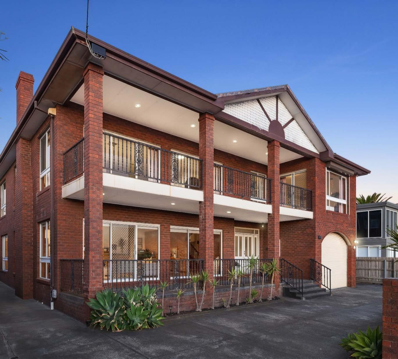 Start & finish every day with Port Phillip Bay as your backdrop. Set on a substantial 696m2* allotment & surrounded by some of the area’s most luxurious homes, this multi-generational family home, while comfortable to live in as is, also presents exciting scope for a transformation or the opportunity to explore future redevelopment options (STCA). On entry, the ground level delivers a living room with timber floors, elegant hallway arches & an open fireplace. Two sets of sliding doors open to an elevated front patio, while an adjoining dining with a kitchenette enjoys access to an enclosed rear garden. Also on this level
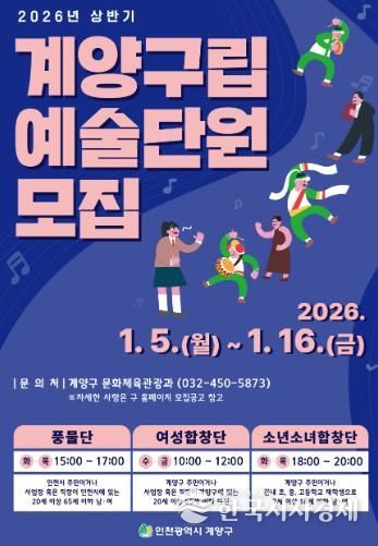 한국시사경제 사회팀 | 인천광역시 계양구는 구민의 문화예술 향유 기회를 확대하고, 지역 문화예술의 지속 가능한 성장을 함께 이끌어 갈 ‘2026년 상반기 계양구립예술단’ 신규 단원을 공개 모집한다고 밝혔다.
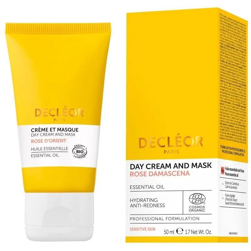 Decléor Rose Damascena Day Cream And Masker et produkt, som er specielt udviklet til en sensitiv hud. Den kan bruges både som creme og maske, og er et uundværligt produkt, hvis man har en hud, som har tendens til rødme, ubehag og stramhed i ansigtet. Den er beriget med æterisk olie af rose, som bidrager til den skønne duft, mens planteolie fra sød mandel og Centella Asiatica ekstrakt har en beroligende virkning, som modvirker og dæmper rødme i huden, og som er med til at skabe mere balance i huden. Cremen absorberes hurtigt i huden, og efterlader dig med en skøn følelse af velbehag.
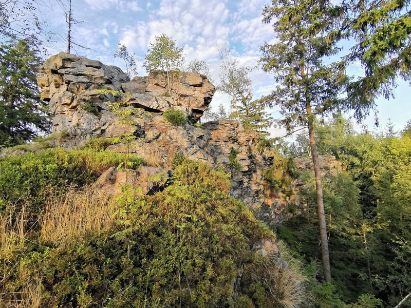 Červené značení procházející pod Devíti skalami spojuje i další osmistovky – první na trase je Lisovská skála (802 m n. m). Také tam se je možné dostat na vrchol. Necelý kilometr odtud se pak vpravo od značky rozkládá zalesněný vrchol Křovina (830 m n. m.) a za dalšího zhruba půl kilometru Suchý kopec (817 m n. m.), rovněž lesem porostlý vrchol. Pak červené značení směruje k Malinské skále (813 m n. m.), jež nabízí krásnou vyhlídku na okolí. Červená značka od ní klesne do malebné osady Blatiny, kde je mimo jiné možné navštívit kavárnu s vlastní pražírnou, další část trasy vede k silnici II/354 ve směru ke Sněžnému a poté z ní uhýbá vlevo do osady Podlesí. Tam se napojí na žlutou značku a z ní pak vlevo po neznačené cestě vystoupá k další osmistovce, kterou je zalesněný Vysoký kopec (806 m n. m.).
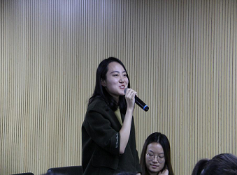 首先,钱晏青副处长向大家介绍了翻译室的历史、处室设置与主要工作。她认为,翻译人员应当像个一杂家,有强烈的求知欲和好奇心,善于联想,触类旁通。紧接着,入部七年、担任过很多重要外交活动翻译的刘迪也与大家分享了她入部后的工作学习经验。她谈到了对自己所从事的这份工作的理解与认识:责任重大,但使命光荣。以服务国家为第一要义,不断熟悉业务,提高专业水平。
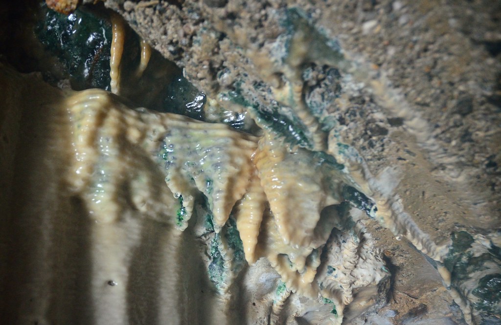 В пещере жарко и очень влажно, постоянно что-то капает и льется с потолка, вода сладковатая на вкус, но без запаха сероводорода.
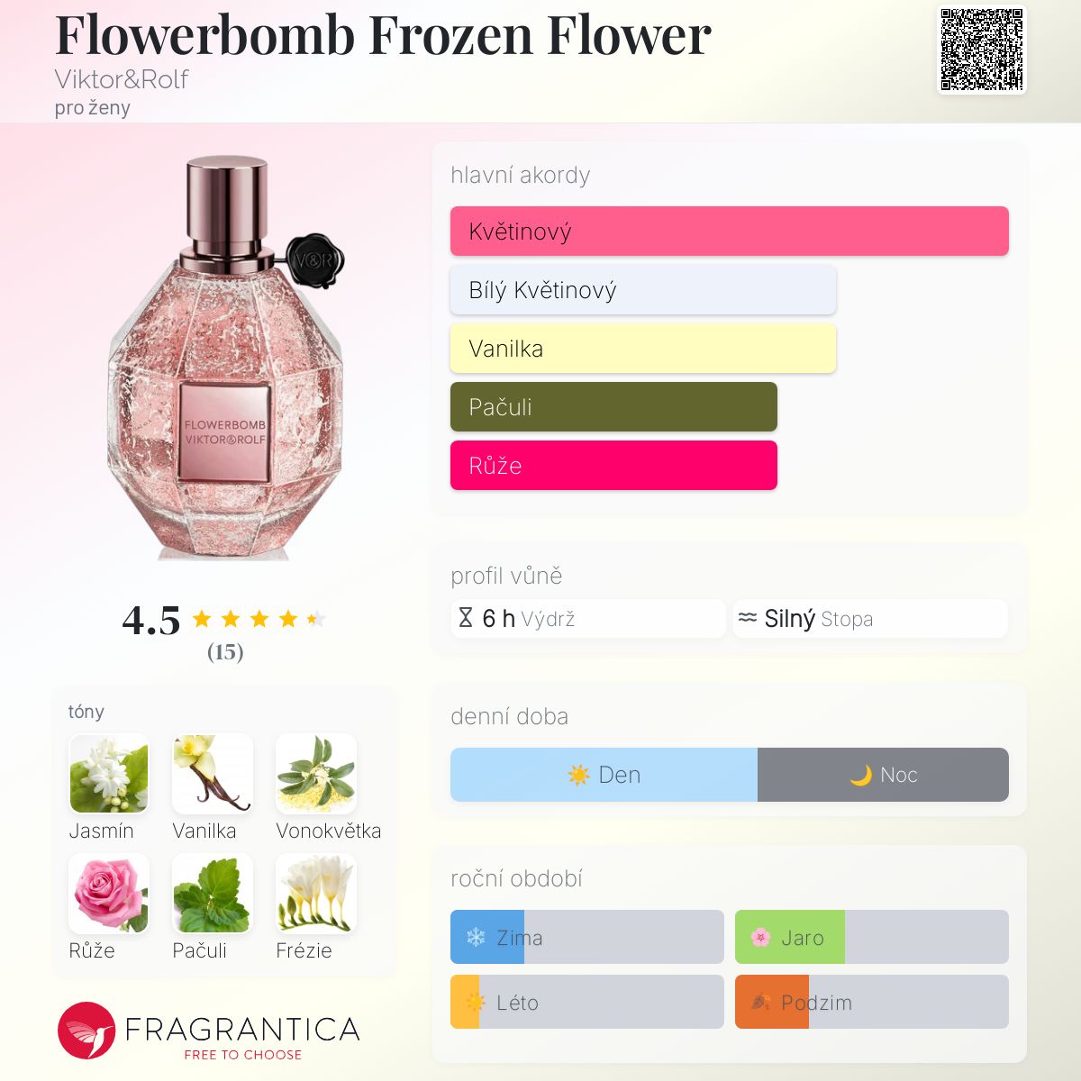 Flowerbomb Frozen Flower podle Viktor&Rolf je Orientální Floral vůně pro ženy. Toto je nová vůně. Flowerbomb Frozen Flower byl/a uveden/a v roce 2024. Vrchní tóny jsou Růže, Frézie a Orchidej; střední tóny jsouJasmín a Vonokvětka ; základní tóny jsou Vanilka a Pačuli.
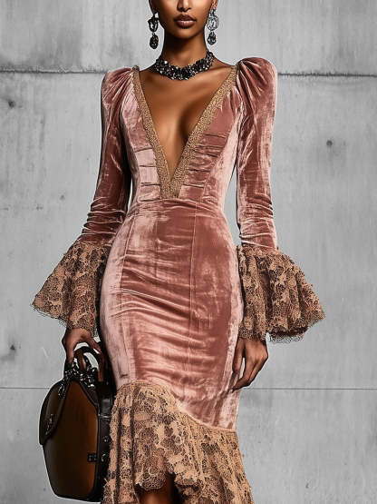 Pink Velvet And Lace Midi Dress
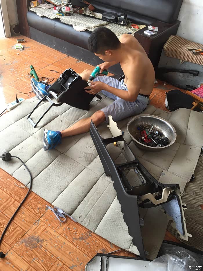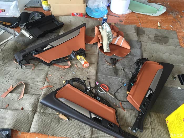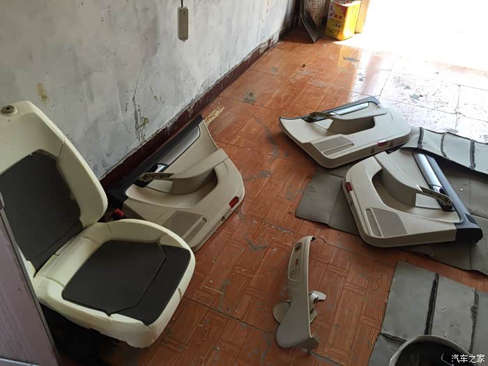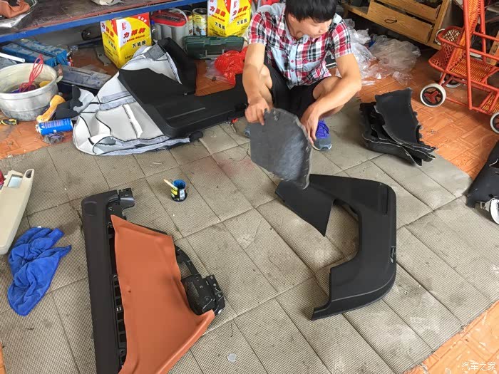 这些活一共做了两天,从拆车,到换座椅皮,干的很仔细也很卖力,很感谢这些小伙子和小妹。老板娘也觉得很好看,拿出手机拍了几张。还有,车上的一些塑料制品,找了个地方去烤漆,有一些地方在装车的时候发生了碰撞,有点掉漆,不过老板说可以再返工,把掉漆的地方重新补一下。喷漆是因为如果换原厂件的话,手里资金不够,烤漆质量也不错,如果有掉漆的地方,可以随时去补,跟喷漆的那个老板比较熟,保终身的。
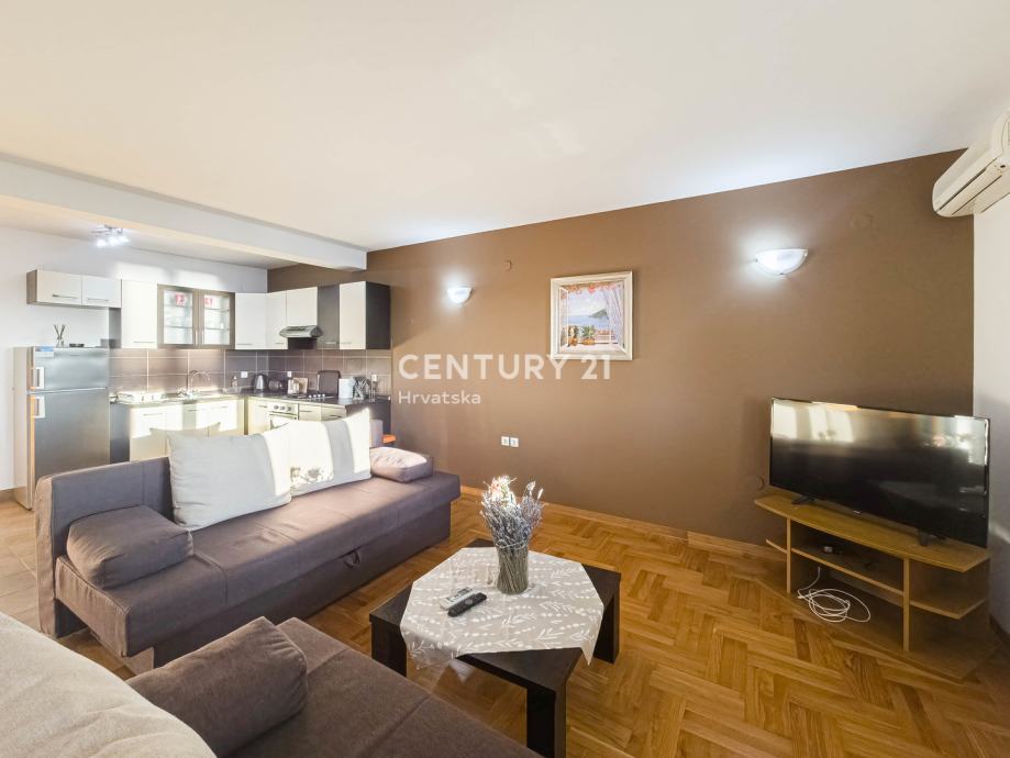 Nalazi se u mirnoj ulici svega cca 200 m do mora i uređene plaže u blizini svih potrebnih sadržaja za cijelogodišnji boravak.
____________________
Exercise goal:
Without the pictures, return the whole of the data exactly as given.

Result:
 Start & finish every day with Port Phillip Bay as your backdrop. Set on a substantial 696m2* allotment & surrounded by some of the area’s most luxurious homes, this multi-generational family home, while comfortable to live in as is, also presents exciting scope for a transformation or the opportunity to explore future redevelopment options (STCA). On entry, the ground level delivers a living room with timber floors, elegant hallway arches & an open fireplace. Two sets of sliding doors open to an elevated front patio, while an adjoining dining with a kitchenette enjoys access to an enclosed rear garden. Also on this level
 한국시사경제 사회팀 | 인천광역시 계양구는 구민의 문화예술 향유 기회를 확대하고, 지역 문화예술의 지속 가능한 성장을 함께 이끌어 갈 ‘2026년 상반기 계양구립예술단’ 신규 단원을 공개 모집한다고 밝혔다.
 Decléor Rose Damascena Day Cream And Masker et produkt, som er specielt udviklet til en sensitiv hud. Den kan bruges både som creme og maske, og er et uundværligt produkt, hvis man har en hud, som har tendens til rødme, ubehag og stramhed i ansigtet. Den er beriget med æterisk olie af rose, som bidrager til den skønne duft, mens planteolie fra sød mandel og Centella Asiatica ekstrakt har en beroligende virkning, som modvirker og dæmper rødme i huden, og som er med til at skabe mere balance i huden. Cremen absorberes hurtigt i huden, og efterlader dig med en skøn følelse af velbehag.
 Červené značení procházející pod Devíti skalami spojuje i další osmistovky – první na trase je Lisovská skála (802 m n. m). Také tam se je možné dostat na vrchol. Necelý kilometr odtud se pak vpravo od značky rozkládá zalesněný vrchol Křovina (830 m n. m.) a za dalšího zhruba půl kilometru Suchý kopec (817 m n. m.), rovněž lesem porostlý vrchol. Pak červené značení směruje k Malinské skále (813 m n. m.), jež nabízí krásnou vyhlídku na okolí. Červená značka od ní klesne do malebné osady Blatiny, kde je mimo jiné možné navštívit kavárnu s vlastní pražírnou, další část trasy vede k silnici II/354 ve směru ke Sněžnému a poté z ní uhýbá vlevo do osady Podlesí. Tam se napojí na žlutou značku a z ní pak vlevo po neznačené cestě vystoupá k další osmistovce, kterou je zalesněný Vysoký kopec (806 m n. m.).
 首先,钱晏青副处长向大家介绍了翻译室的历史、处室设置与主要工作。她认为,翻译人员应当像个一杂家,有强烈的求知欲和好奇心,善于联想,触类旁通。紧接着,入部七年、担任过很多重要外交活动翻译的刘迪也与大家分享了她入部后的工作学习经验。她谈到了对自己所从事的这份工作的理解与认识:责任重大,但使命光荣。以服务国家为第一要义,不断熟悉业务,提高专业水平。
 В пещере жарко и очень влажно, постоянно что-то капает и льется с потолка, вода сладковатая на вкус, но без запаха сероводорода.
 Flowerbomb Frozen Flower podle Viktor&Rolf je Orientální Floral vůně pro ženy. Toto je nová vůně. Flowerbomb Frozen Flower byl/a uveden/a v roce 2024. Vrchní tóny jsou Růže, Frézie a Orchidej; střední tóny jsouJasmín a Vonokvětka ; základní tóny jsou Vanilka a Pačuli.
 Pink Velvet And Lace Midi Dress
 这些活一共做了两天,从拆车,到换座椅皮,干的很仔细也很卖力,很感谢这些小伙子和小妹。老板娘也觉得很好看,拿出手机拍了几张。还有,车上的一些塑料制品,找了个地方去烤漆,有一些地方在装车的时候发生了碰撞,有点掉漆,不过老板说可以再返工,把掉漆的地方重新补一下。喷漆是因为如果换原厂件的话,手里资金不够,烤漆质量也不错,如果有掉漆的地方,可以随时去补,跟喷漆的那个老板比较熟,保终身的。
 Nalazi se u mirnoj ulici svega cca 200 m do mora i uređene plaže u blizini svih potrebnih sadržaja za cijelogodišnji boravak.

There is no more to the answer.